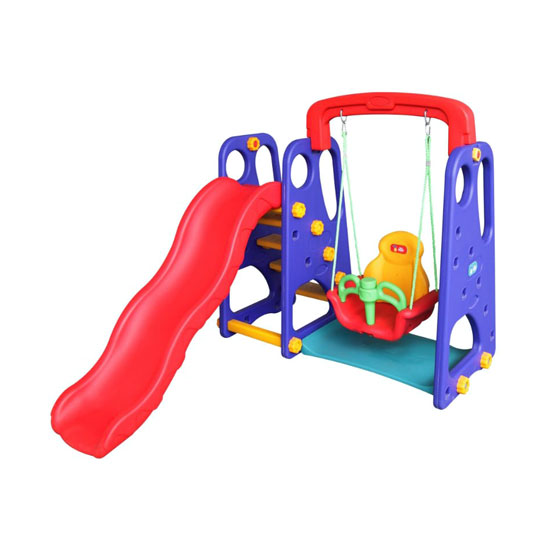 This is a fashionable toy playground set with a slide and a swing. It is made of quality plastic for a long service life. This plastic toy set offers hours of fun to young children.
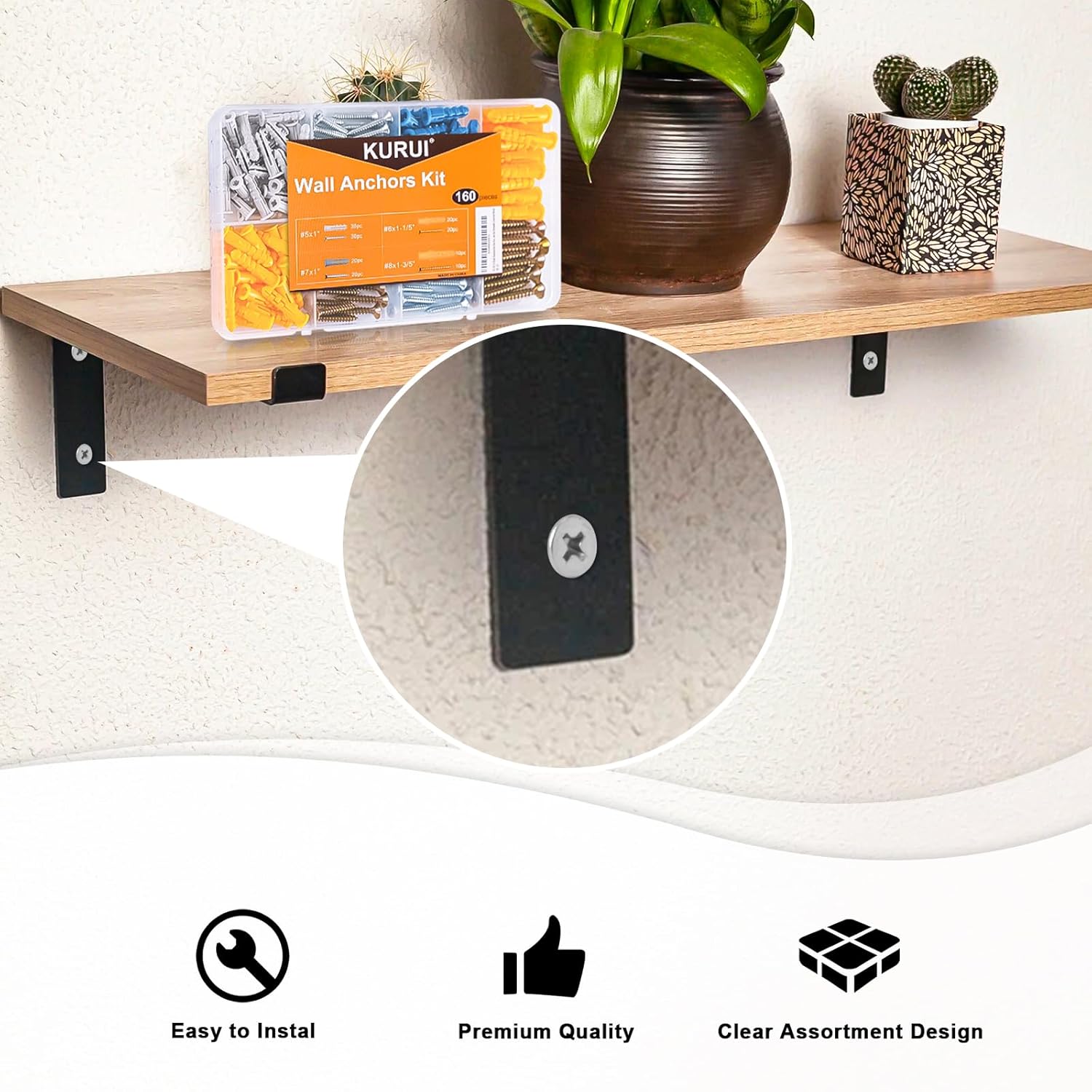 KURUI Wall Anchors Kit for Hanging Wall Art Decor, 160Pcs Drywall Anchors Assortment Kit for Frame Shelf Decorations, Plant Hooks, 135 Screws and 135 Plugs, Picture Hangers for Drywall Concrete Brick
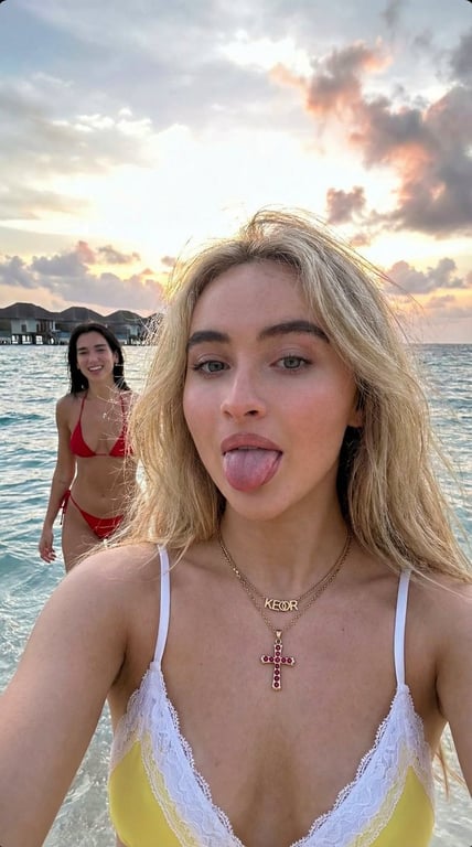 A structured JSON prompt for Nano Banana Pro to generate an ultra-realistic, playful selfie image featuring a young woman sticking her tongue out, with Dua Lipa smiling in the background, set on a Maldives beach during sunset.
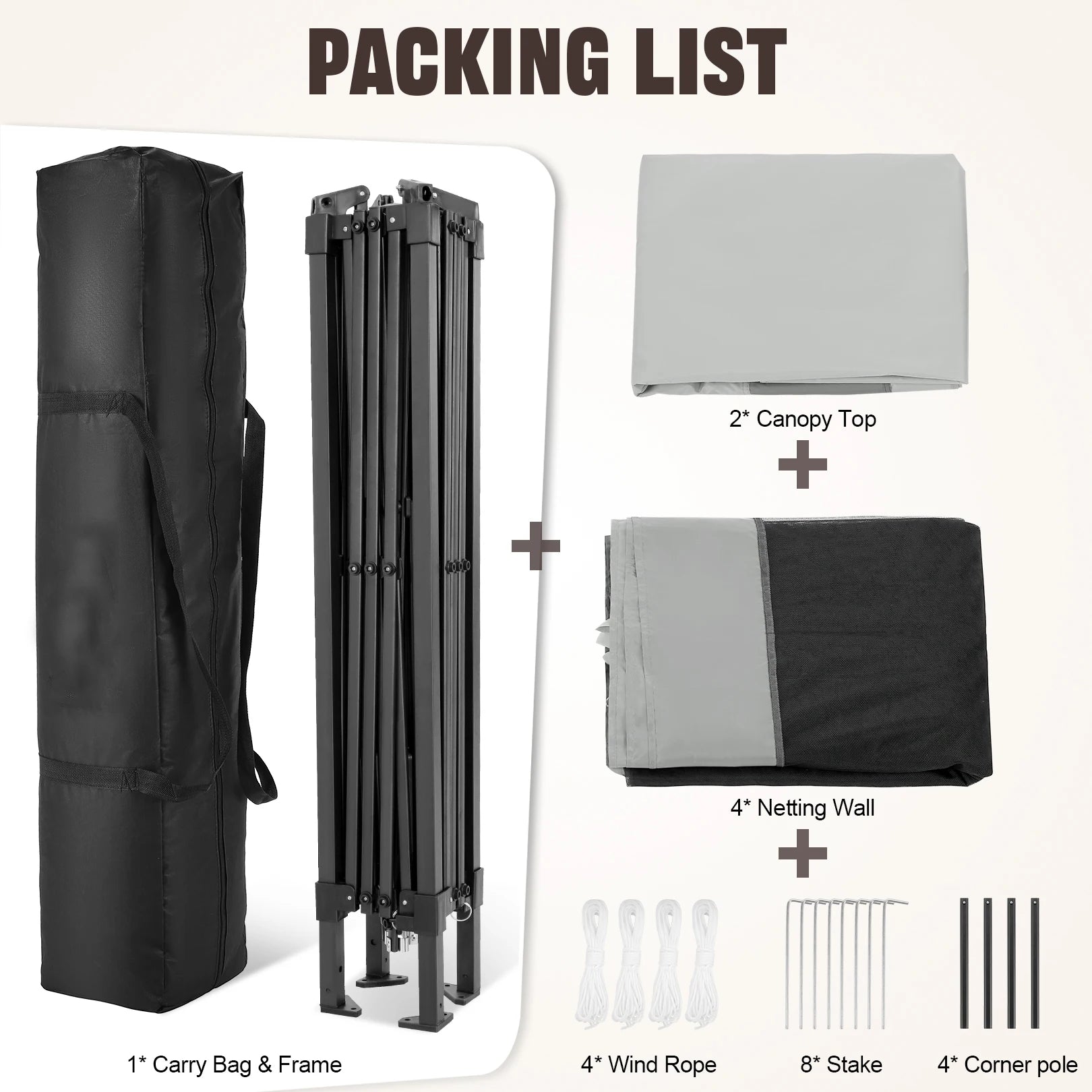 【Packing List】: 12x12 gazebo tent have a Storage Bag size is 49.2 x 8.46 x 10.43in (125x21.5x26.5cm), 2 x Canopy top, 4 x Zipper Mesh tent, 8 x Stakes, 4 x Ropes, 4 x Sandbags, 1 x Adjustable metal frame, 1 x 450D Oxford storage bag. Complete range of accessories and delivered to your home in a single parcel.

[Work required] When the listing is transcribed, every line must match the original exactly, and the pictures must be left out.

[Task output]
 This is a fashionable toy playground set with a slide and a swing. It is made of quality plastic for a long service life. This plastic toy set offers hours of fun to young children.
 KURUI Wall Anchors Kit for Hanging Wall Art Decor, 160Pcs Drywall Anchors Assortment Kit for Frame Shelf Decorations, Plant Hooks, 135 Screws and 135 Plugs, Picture Hangers for Drywall Concrete Brick
 A structured JSON prompt for Nano Banana Pro to generate an ultra-realistic, playful selfie image featuring a young woman sticking her tongue out, with Dua Lipa smiling in the background, set on a Maldives beach during sunset.
 【Packing List】: 12x12 gazebo tent have a Storage Bag size is 49.2 x 8.46 x 10.43in (125x21.5x26.5cm), 2 x Canopy top, 4 x Zipper Mesh tent, 8 x Stakes, 4 x Ropes, 4 x Sandbags, 1 x Adjustable metal frame, 1 x 450D Oxford storage bag. Complete range of accessories and delivered to your home in a single parcel.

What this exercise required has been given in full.